Making the Whole World Possible
| This blog post is part of “20 Years, 20 Stories,” a series celebrating the 20th anniversary of the 60 million girls Foundation. Over the next eight months, we will share the stories of the people who have shaped our journey — volunteers, partners, donors, and the girls at the heart of our mission. We hope their voices inspire you as much as they inspire us. |
A Vision That Travels Dirt Roads
There is a particular kind of determination required to drive hours along impassable roads in rural Sierra Leone, hauling technology into villages where the electricity flickers and the internet doesn’t reach — and to do it not once, but again and again, because you believe, without reservation, that the children at the end of that road deserve the same education as anyone else on the planet.
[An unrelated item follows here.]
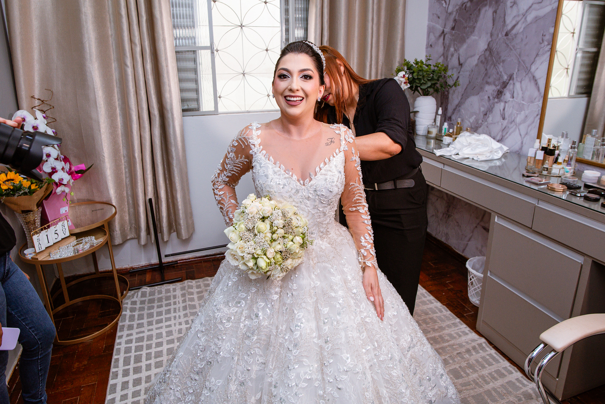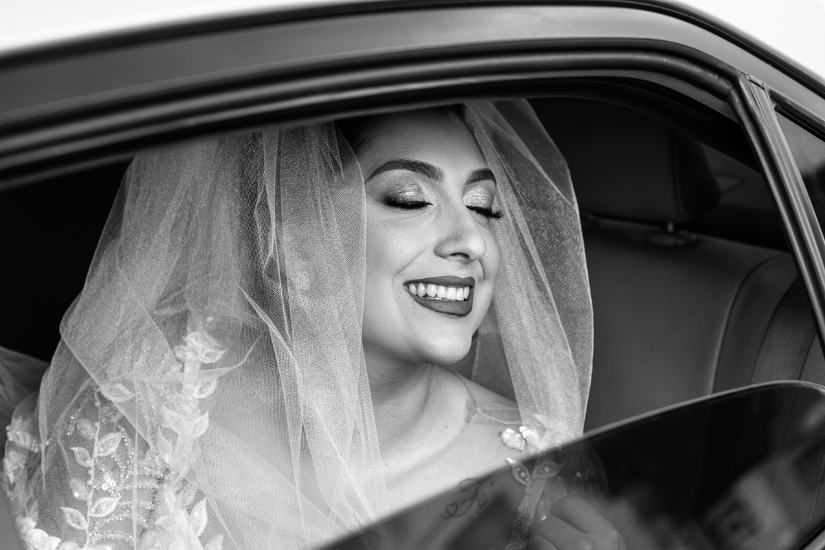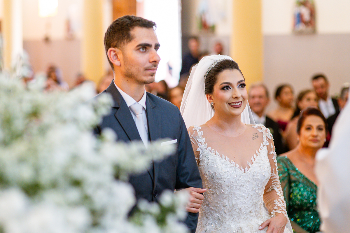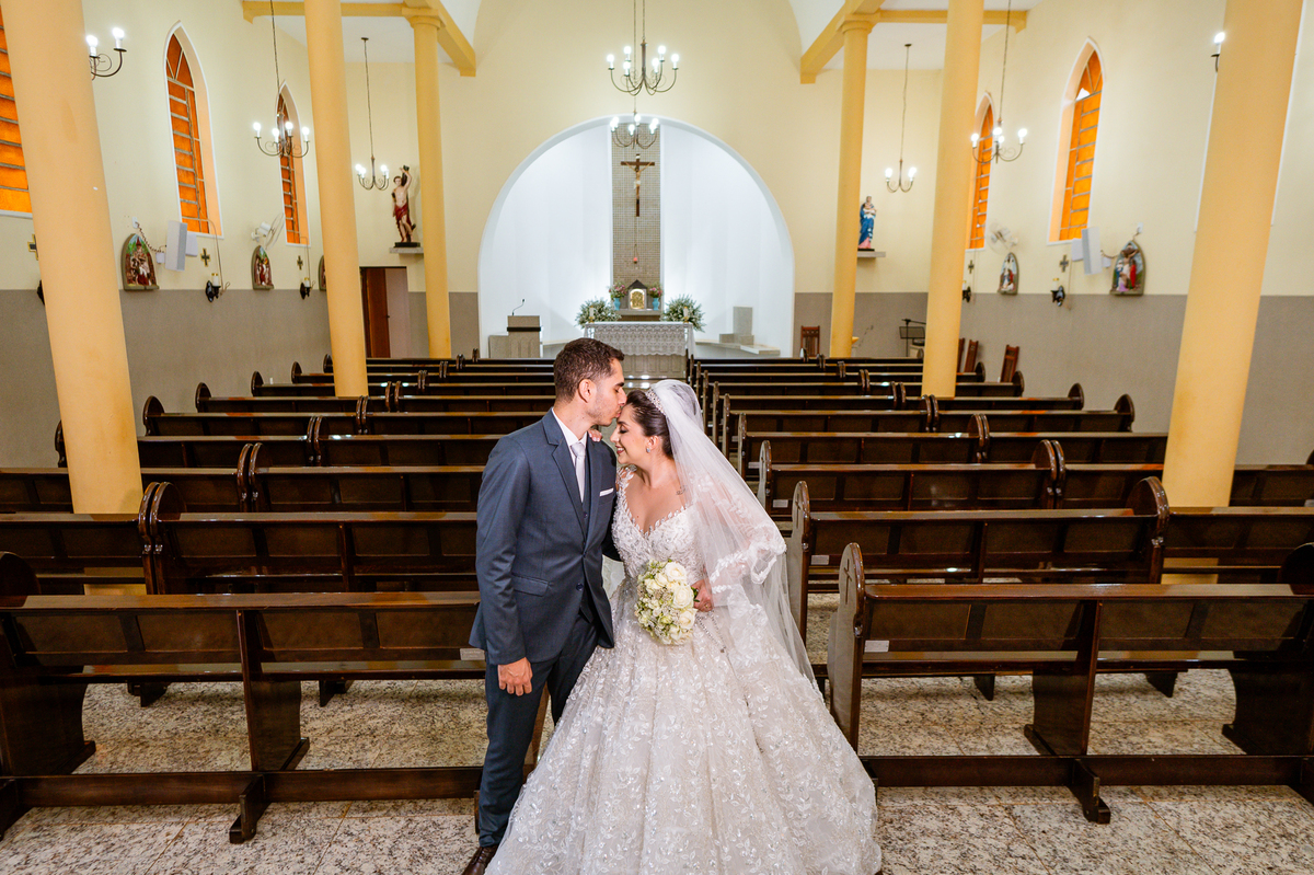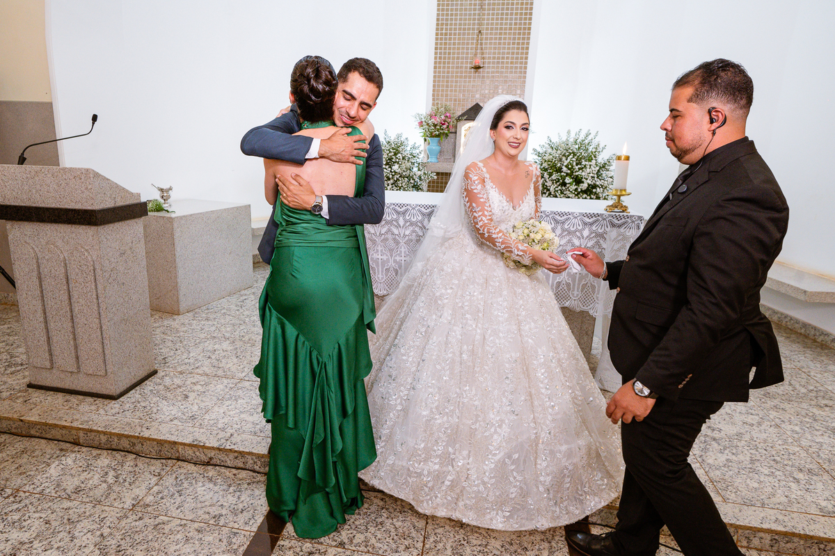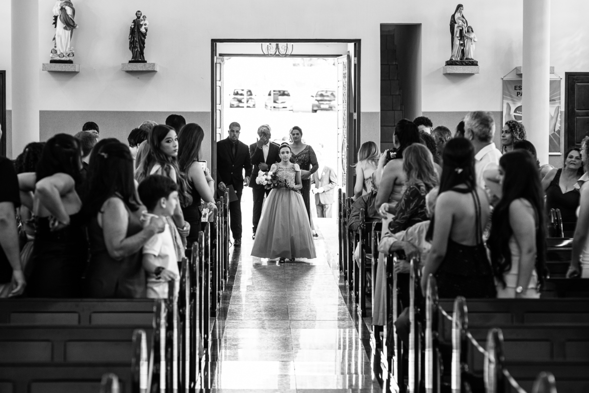 No salão, Amanda estava praticamente pronta. Era hora de colocar seu vestido. Em alguns minutos ela surgiu pronta, com seu penteado e make belíssimos e o vestido divo colocado em seu corpo. Enfim, era hora dos últimos retoques para partimos para a Igreja. Mas ainda tivemos tempo de surpresas! Até então, ela não havia visto seu buquê, e quem fez essa entrega foi a sua mãe. Quando Amanda recebeu, ela sorriu de canto a canto do rosto. Havia ficado muito além de suas expectativas. Agora o conjunto estava completo e a noiva pronta. Fizemos nossas tradicionais fotografias da noiva pronta e já seguimos pra celebração. Chegando na Igreja, os padrinhos já estavam todos alinhados pela equipe cerimonial. Fizemos as fotografias da noiva no carro e já partimos pro altar. A equipe musical estava aguardando o início e tão logo chegamos eles começaram a cantar.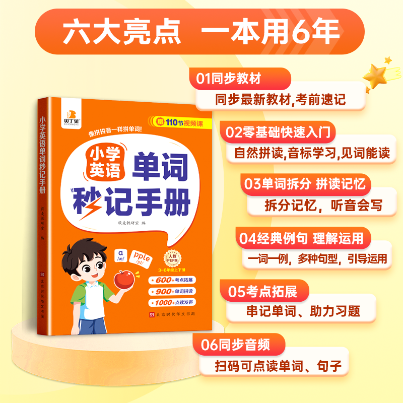 贝丁兔2025新版 教材入门自学零基础汇总表训练拆分拼读课本拼音 小学英语单词秒记手册小学生三年级上册四五六年级单词书同步人教版

That determination has a name: Samuel Momoh.

Samuel Momoh, Country Director of World Possible in Sierra Leone
As Country Director of World Possible in Sierra Leone, Samuel has spent years working at the intersection of technology, community, and girls’ education. World Possible is a nonprofit founded in 2008 that builds portable, solar-powered Wi-Fi servers called RACHEL — Remote Area Community Hotspot for Education and Learning — that deliver free educational content to places with no internet connection. In the hands of someone like Samuel, RACHEL isn’t just a device. It’s a gateway.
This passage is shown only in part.